Os bancos privados estão acirrando a concorrência com a Caixa no crédito imobiliário este ano. Eles anunciaram neste ano uma série de reduções dos juros do crédito imobiliário, mas a Caixa manteve as taxas praticadas em 2016, deixando de ser o banco com os juros mais baixos do mercado neste segmento.

“Desde a crise de 2014, sempre que a Caixa anunciava um ‘pacote de maldades’, os bancos privados seguiam seus passos num 'efeito manada', mas desta vez foi o contrário”, avalia Prata. “Enquanto a Caixa restringiu o crédito, os outros bancos anunciaram a redução de juros e mantiveram o teto do valor do imóvel”.

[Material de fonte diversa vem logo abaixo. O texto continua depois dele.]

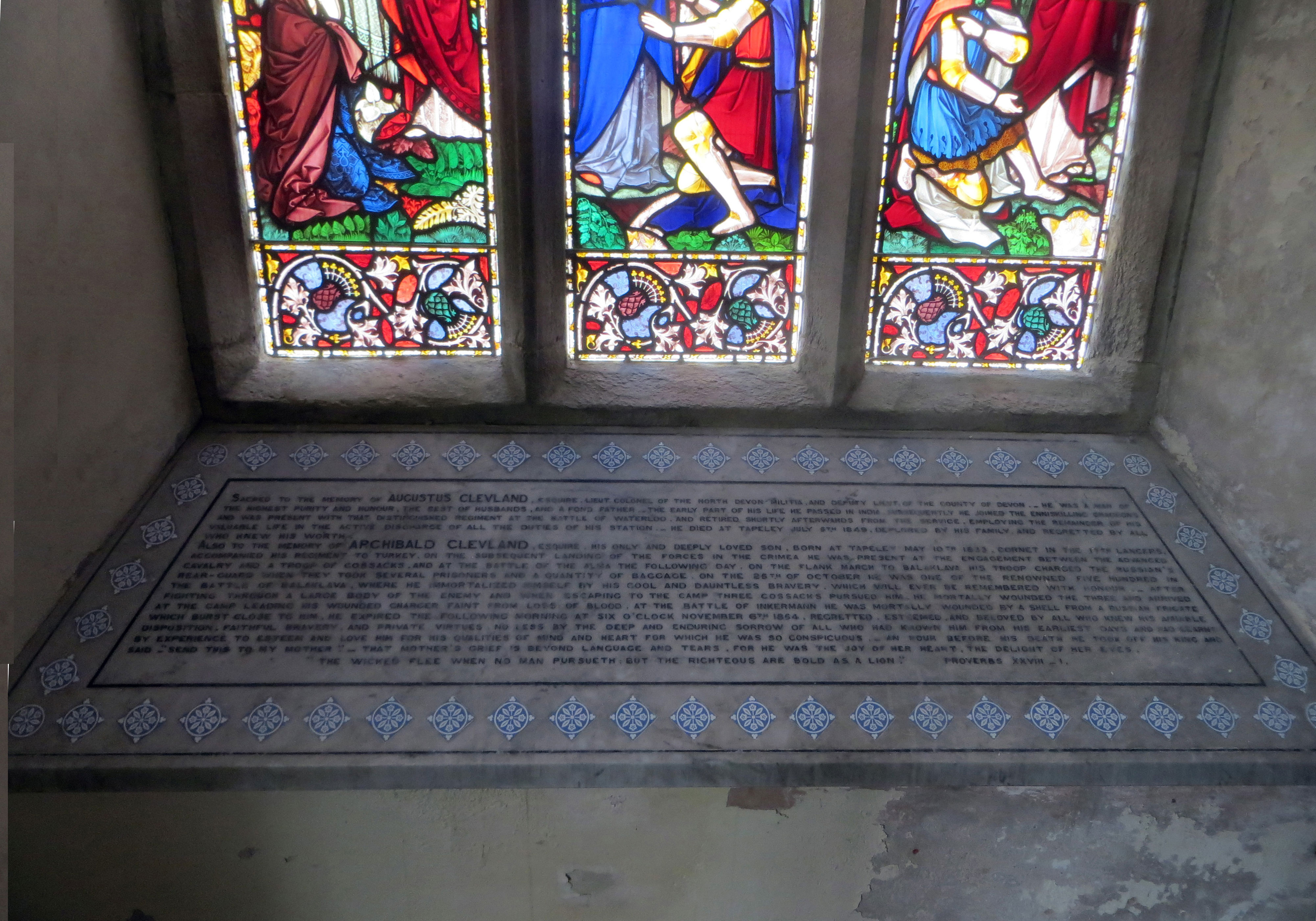 Archibald Clevland (1833-1854), of Tapeley, only son, a cornet in the 17th Lancers, who died aged 21 at the Battle of Inkerman, having just one month before been one of the few officers who survived the Charge of the Light Brigade. He died unmarried and without progeny, and was therefore the last of the Clevland (and Saltren-Willett) family. Several monuments exist to his memory, including an elaborate sculpted and inscribed marble mural monument and a large stained glass window in Westleigh Church, and two monuments in the grounds of Tapeley Park, namely a 50-foot high obelisk (destroyed by lightning in 1933, with only the base remaining [50]), and a statue erected near the lake by his mother, in the form of a mourning lady,[51] with base inscribed as follows: [52]

O especialista acredita que os principais concorrentes da Caixa estão amadurecendo seus produtos no segmento imobiliário, o que abre espaço para avançar em participação de mercado em um momento em que o banco estatal está mais restritivo.


Prata acredita que a diluição da participação da Caixa no crédito imobiliário também abre espaço para baratear os financiamentos pelo Custo Efetivo Total (CET), que envolve todas as taxas da operação como seguro e impostos, além dos juros.

"A maior competição pelo crédito imobiliário tem um alto impacto no valor das prestações, como o preço do seguro, uma vez que, com mais bancos atuando, mais seguradoras são envolvidas".

Já na avaliação de Ajzental, o fato de a Caixa ter aberto mão de parte deste mercado não significa, necessariamente, que os outros bancos terão interesse em absorver toda a demanda que ficou desatendida.

"É provável que os outros bancos até queiram aumentar sua fatia no segmento, mas eles são mais seletos que a Caixa, historicamente, e não significa que vão compensar toda essa restrição. É mais provável que o mercado de crédito como um todo dê uma enxugada", acredita.